TASK STATEMENT:
When you restate the data, keep every word as it is and drop the images.

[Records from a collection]
━━━━━━

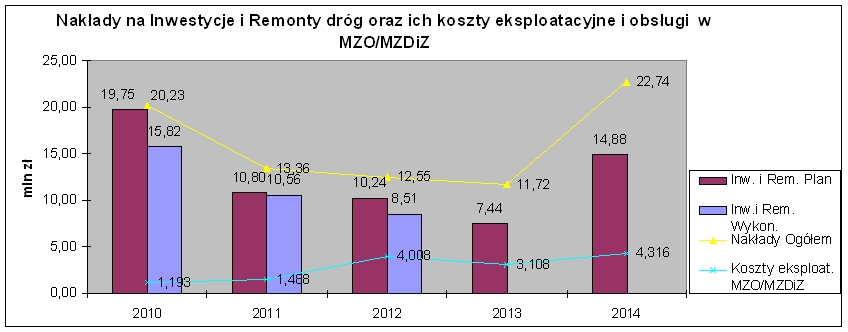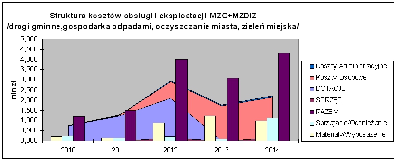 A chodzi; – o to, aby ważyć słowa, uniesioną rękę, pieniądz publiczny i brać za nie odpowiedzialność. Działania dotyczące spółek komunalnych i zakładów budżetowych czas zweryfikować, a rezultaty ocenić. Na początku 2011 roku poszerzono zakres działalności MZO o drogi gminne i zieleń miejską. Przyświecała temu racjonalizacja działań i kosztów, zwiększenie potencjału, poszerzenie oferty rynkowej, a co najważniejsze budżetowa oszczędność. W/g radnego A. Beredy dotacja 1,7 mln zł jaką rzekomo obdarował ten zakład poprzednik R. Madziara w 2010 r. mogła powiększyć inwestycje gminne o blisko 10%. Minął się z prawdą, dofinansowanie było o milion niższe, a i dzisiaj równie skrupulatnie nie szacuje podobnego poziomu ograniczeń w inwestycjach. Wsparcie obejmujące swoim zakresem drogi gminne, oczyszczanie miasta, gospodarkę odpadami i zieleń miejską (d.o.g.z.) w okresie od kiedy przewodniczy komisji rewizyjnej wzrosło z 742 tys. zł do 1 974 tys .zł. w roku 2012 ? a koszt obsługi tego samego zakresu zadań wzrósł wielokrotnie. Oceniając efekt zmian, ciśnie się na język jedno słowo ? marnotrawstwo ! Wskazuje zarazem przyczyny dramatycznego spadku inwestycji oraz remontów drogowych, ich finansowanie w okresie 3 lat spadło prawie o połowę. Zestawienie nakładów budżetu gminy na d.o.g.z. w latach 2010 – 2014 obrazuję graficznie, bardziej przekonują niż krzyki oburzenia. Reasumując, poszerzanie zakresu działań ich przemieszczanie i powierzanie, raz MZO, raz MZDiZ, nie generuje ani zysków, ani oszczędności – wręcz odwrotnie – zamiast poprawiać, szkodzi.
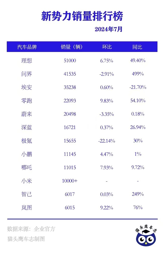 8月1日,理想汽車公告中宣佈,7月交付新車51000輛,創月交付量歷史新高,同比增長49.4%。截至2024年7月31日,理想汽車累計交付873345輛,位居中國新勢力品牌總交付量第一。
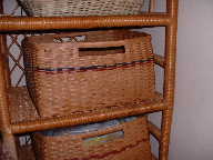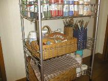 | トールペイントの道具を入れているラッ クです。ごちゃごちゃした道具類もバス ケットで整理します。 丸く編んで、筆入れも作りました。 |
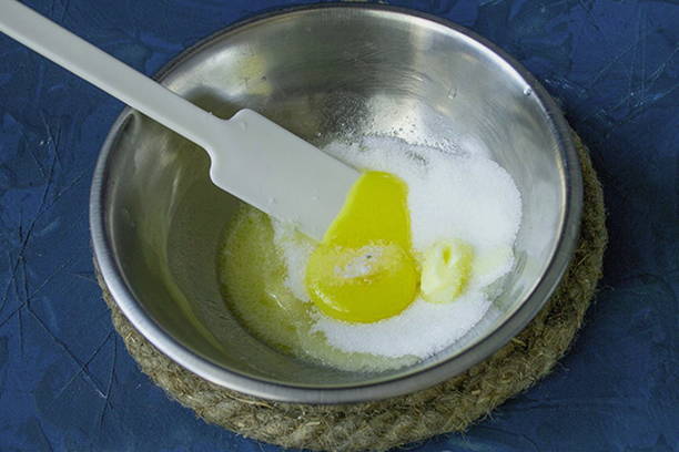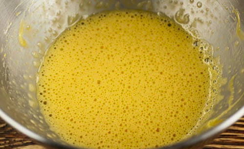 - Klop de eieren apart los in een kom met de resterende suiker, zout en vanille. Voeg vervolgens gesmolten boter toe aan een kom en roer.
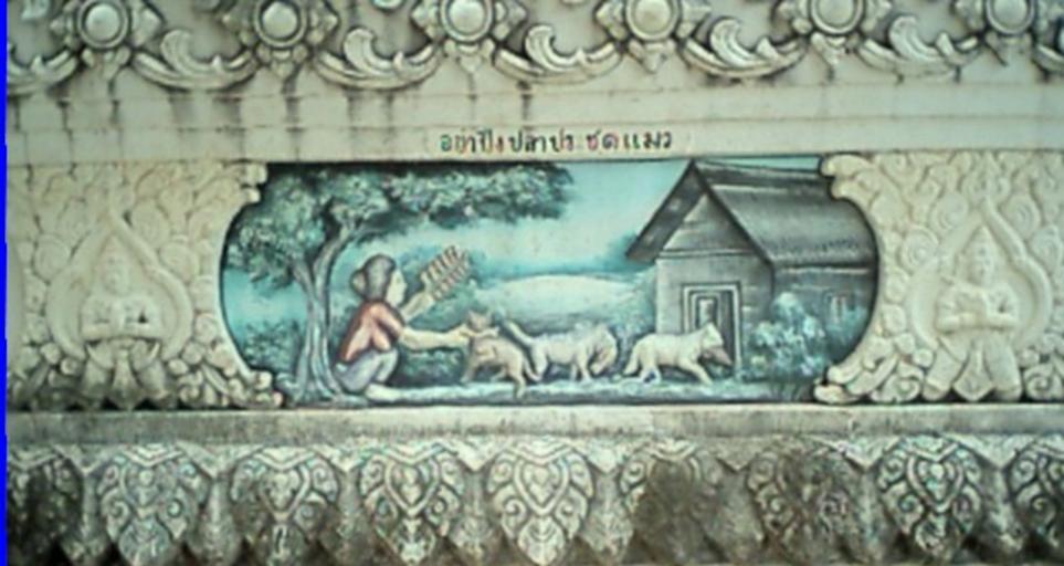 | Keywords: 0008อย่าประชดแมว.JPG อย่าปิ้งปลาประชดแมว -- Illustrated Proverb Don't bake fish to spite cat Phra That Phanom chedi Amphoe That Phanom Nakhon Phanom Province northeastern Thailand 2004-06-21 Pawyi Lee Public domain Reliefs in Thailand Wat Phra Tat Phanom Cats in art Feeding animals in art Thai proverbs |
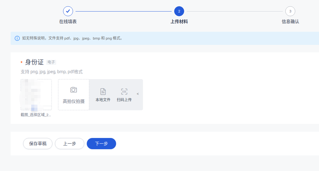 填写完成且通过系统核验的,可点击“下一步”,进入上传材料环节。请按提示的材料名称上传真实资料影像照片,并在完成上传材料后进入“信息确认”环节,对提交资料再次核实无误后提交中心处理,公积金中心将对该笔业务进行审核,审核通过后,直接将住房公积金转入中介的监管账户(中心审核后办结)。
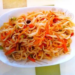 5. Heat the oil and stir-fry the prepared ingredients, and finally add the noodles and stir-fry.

━━━━━━

YOUR SOLUTION:
 A chodzi; – o to, aby ważyć słowa, uniesioną rękę, pieniądz publiczny i brać za nie odpowiedzialność. Działania dotyczące spółek komunalnych i zakładów budżetowych czas zweryfikować, a rezultaty ocenić. Na początku 2011 roku poszerzono zakres działalności MZO o drogi gminne i zieleń miejską. Przyświecała temu racjonalizacja działań i kosztów, zwiększenie potencjału, poszerzenie oferty rynkowej, a co najważniejsze budżetowa oszczędność. W/g radnego A. Beredy dotacja 1,7 mln zł jaką rzekomo obdarował ten zakład poprzednik R. Madziara w 2010 r. mogła powiększyć inwestycje gminne o blisko 10%. Minął się z prawdą, dofinansowanie było o milion niższe, a i dzisiaj równie skrupulatnie nie szacuje podobnego poziomu ograniczeń w inwestycjach. Wsparcie obejmujące swoim zakresem drogi gminne, oczyszczanie miasta, gospodarkę odpadami i zieleń miejską (d.o.g.z.) w okresie od kiedy przewodniczy komisji rewizyjnej wzrosło z 742 tys. zł do 1 974 tys .zł. w roku 2012 ? a koszt obsługi tego samego zakresu zadań wzrósł wielokrotnie. Oceniając efekt zmian, ciśnie się na język jedno słowo ? marnotrawstwo ! Wskazuje zarazem przyczyny dramatycznego spadku inwestycji oraz remontów drogowych, ich finansowanie w okresie 3 lat spadło prawie o połowę. Zestawienie nakładów budżetu gminy na d.o.g.z. w latach 2010 – 2014 obrazuję graficznie, bardziej przekonują niż krzyki oburzenia. Reasumując, poszerzanie zakresu działań ich przemieszczanie i powierzanie, raz MZO, raz MZDiZ, nie generuje ani zysków, ani oszczędności – wręcz odwrotnie – zamiast poprawiać, szkodzi.
 8月1日,理想汽車公告中宣佈,7月交付新車51000輛,創月交付量歷史新高,同比增長49.4%。截至2024年7月31日,理想汽車累計交付873345輛,位居中國新勢力品牌總交付量第一。
 | トールペイントの道具を入れているラッ クです。ごちゃごちゃした道具類もバス ケットで整理します。 丸く編んで、筆入れも作りました。 |
 - Klop de eieren apart los in een kom met de resterende suiker, zout en vanille. Voeg vervolgens gesmolten boter toe aan een kom en roer.
 | Keywords: 0008อย่าประชดแมว.JPG อย่าปิ้งปลาประชดแมว -- Illustrated Proverb Don't bake fish to spite cat Phra That Phanom chedi Amphoe That Phanom Nakhon Phanom Province northeastern Thailand 2004-06-21 Pawyi Lee Public domain Reliefs in Thailand Wat Phra Tat Phanom Cats in art Feeding animals in art Thai proverbs |
 填写完成且通过系统核验的,可点击“下一步”,进入上传材料环节。请按提示的材料名称上传真实资料影像照片,并在完成上传材料后进入“信息确认”环节,对提交资料再次核实无误后提交中心处理,公积金中心将对该笔业务进行审核,审核通过后,直接将住房公积金转入中介的监管账户(中心审核后办结)。
 5. Heat the oil and stir-fry the prepared ingredients, and finally add the noodles and stir-fry.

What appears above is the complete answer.